■ **DATA LISTING**:
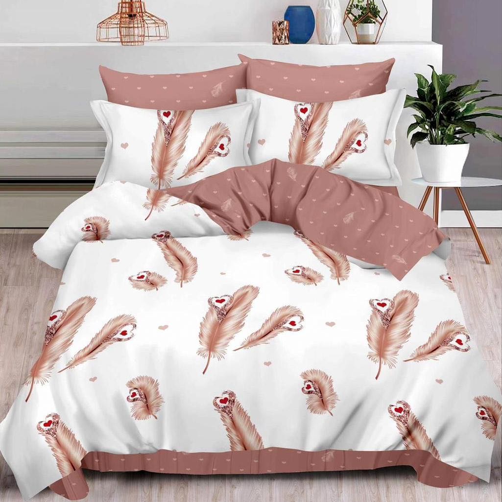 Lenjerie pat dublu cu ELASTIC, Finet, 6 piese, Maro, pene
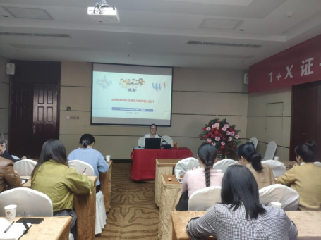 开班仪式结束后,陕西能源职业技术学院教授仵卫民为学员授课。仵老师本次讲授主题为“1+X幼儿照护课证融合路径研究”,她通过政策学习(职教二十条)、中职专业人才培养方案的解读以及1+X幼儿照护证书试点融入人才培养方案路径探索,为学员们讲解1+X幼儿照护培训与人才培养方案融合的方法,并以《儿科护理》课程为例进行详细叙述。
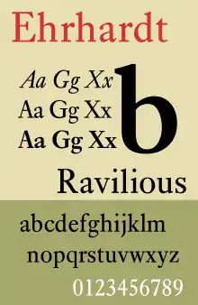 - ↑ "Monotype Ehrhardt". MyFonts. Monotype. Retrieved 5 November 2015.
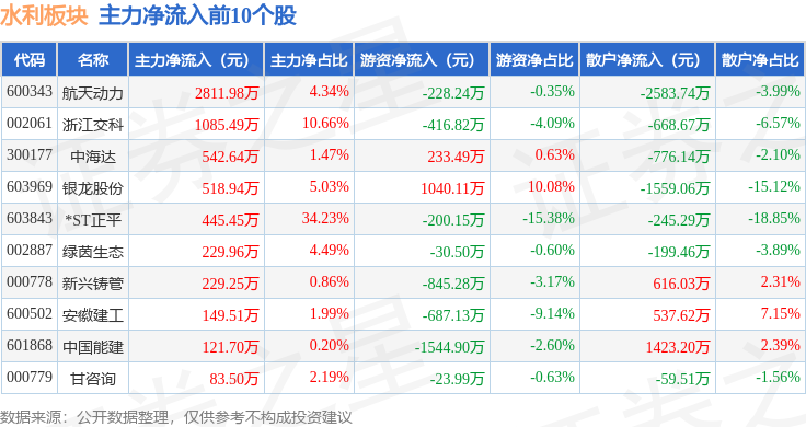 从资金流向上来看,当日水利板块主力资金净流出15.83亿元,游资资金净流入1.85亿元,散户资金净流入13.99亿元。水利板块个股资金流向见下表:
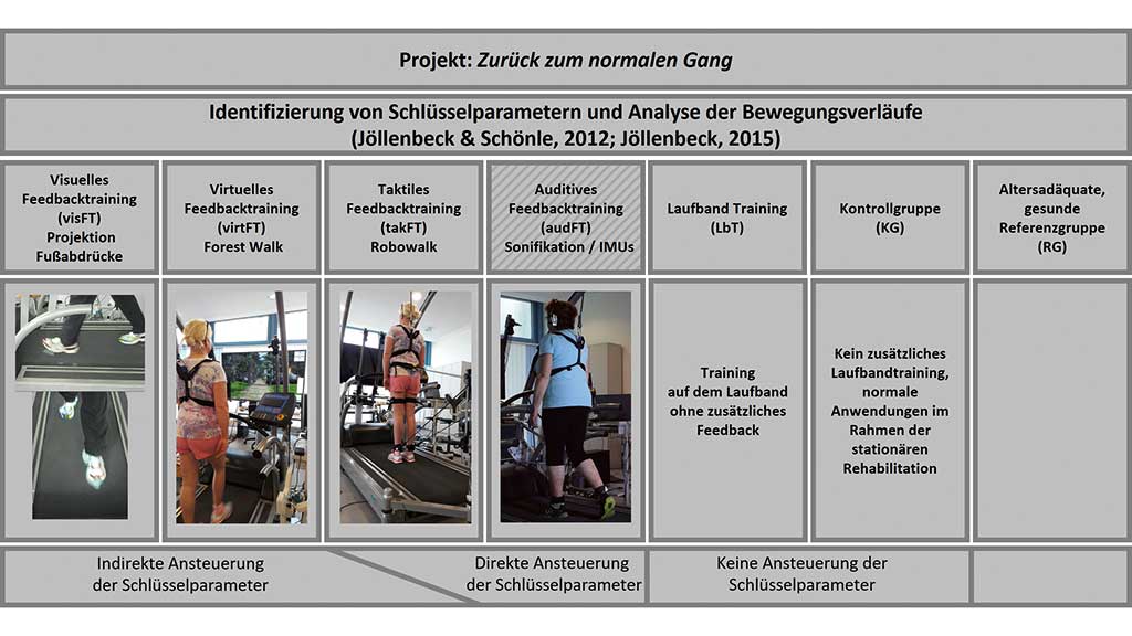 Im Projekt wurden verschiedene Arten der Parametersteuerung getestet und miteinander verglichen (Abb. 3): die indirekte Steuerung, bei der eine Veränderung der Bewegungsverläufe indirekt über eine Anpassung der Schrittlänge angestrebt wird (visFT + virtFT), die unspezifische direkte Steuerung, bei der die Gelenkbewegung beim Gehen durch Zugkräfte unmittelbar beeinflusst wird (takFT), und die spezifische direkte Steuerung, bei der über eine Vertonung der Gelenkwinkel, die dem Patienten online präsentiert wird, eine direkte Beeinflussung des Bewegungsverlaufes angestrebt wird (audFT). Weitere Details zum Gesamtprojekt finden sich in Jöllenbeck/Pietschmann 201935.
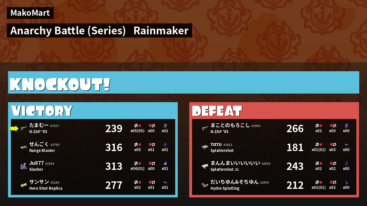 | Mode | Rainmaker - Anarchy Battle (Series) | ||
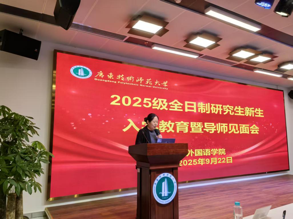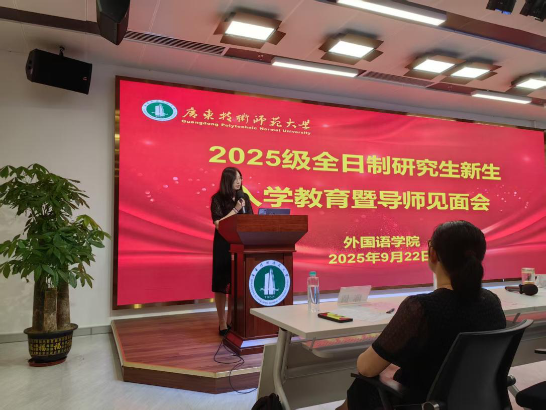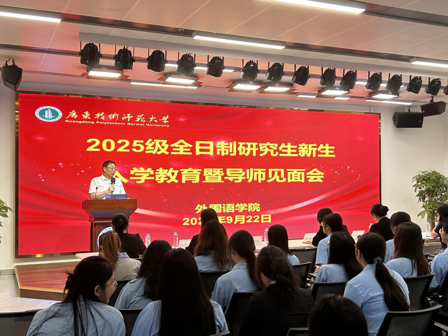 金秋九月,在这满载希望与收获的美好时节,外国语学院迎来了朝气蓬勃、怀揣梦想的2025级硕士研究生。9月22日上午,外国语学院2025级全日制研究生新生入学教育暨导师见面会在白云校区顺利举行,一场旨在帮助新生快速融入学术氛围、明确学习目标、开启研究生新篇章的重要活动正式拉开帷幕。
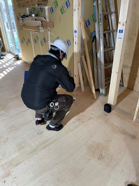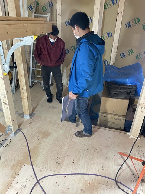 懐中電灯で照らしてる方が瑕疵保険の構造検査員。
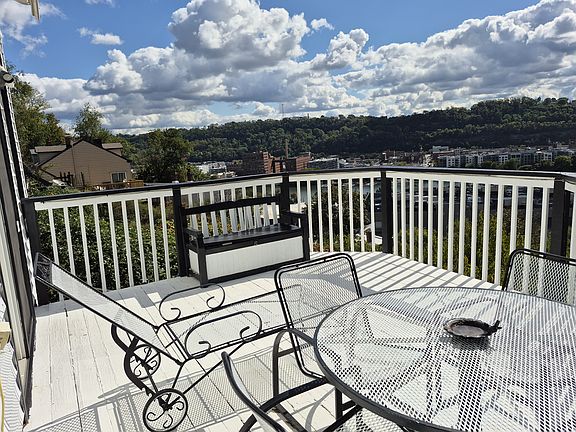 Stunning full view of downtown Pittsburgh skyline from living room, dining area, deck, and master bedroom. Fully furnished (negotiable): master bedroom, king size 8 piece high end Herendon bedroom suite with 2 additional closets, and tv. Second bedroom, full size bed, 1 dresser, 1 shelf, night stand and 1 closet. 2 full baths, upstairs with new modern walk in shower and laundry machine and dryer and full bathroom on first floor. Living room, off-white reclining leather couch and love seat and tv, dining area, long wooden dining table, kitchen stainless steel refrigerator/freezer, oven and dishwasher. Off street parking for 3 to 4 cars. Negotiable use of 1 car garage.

■ **EXERCISE REQUIREMENTS**:
Output should consist of the lines above from the one with "金秋九月,在这满载希望与收获" down to the one with "懐中電灯で照らしてる方が瑕疵保険の構造検査員。", exact and without pictures.

■ **RESPONSE TO THIS EXERCISE**:
 金秋九月,在这满载希望与收获的美好时节,外国语学院迎来了朝气蓬勃、怀揣梦想的2025级硕士研究生。9月22日上午,外国语学院2025级全日制研究生新生入学教育暨导师见面会在白云校区顺利举行,一场旨在帮助新生快速融入学术氛围、明确学习目标、开启研究生新篇章的重要活动正式拉开帷幕。
 懐中電灯で照らしてる方が瑕疵保険の構造検査員。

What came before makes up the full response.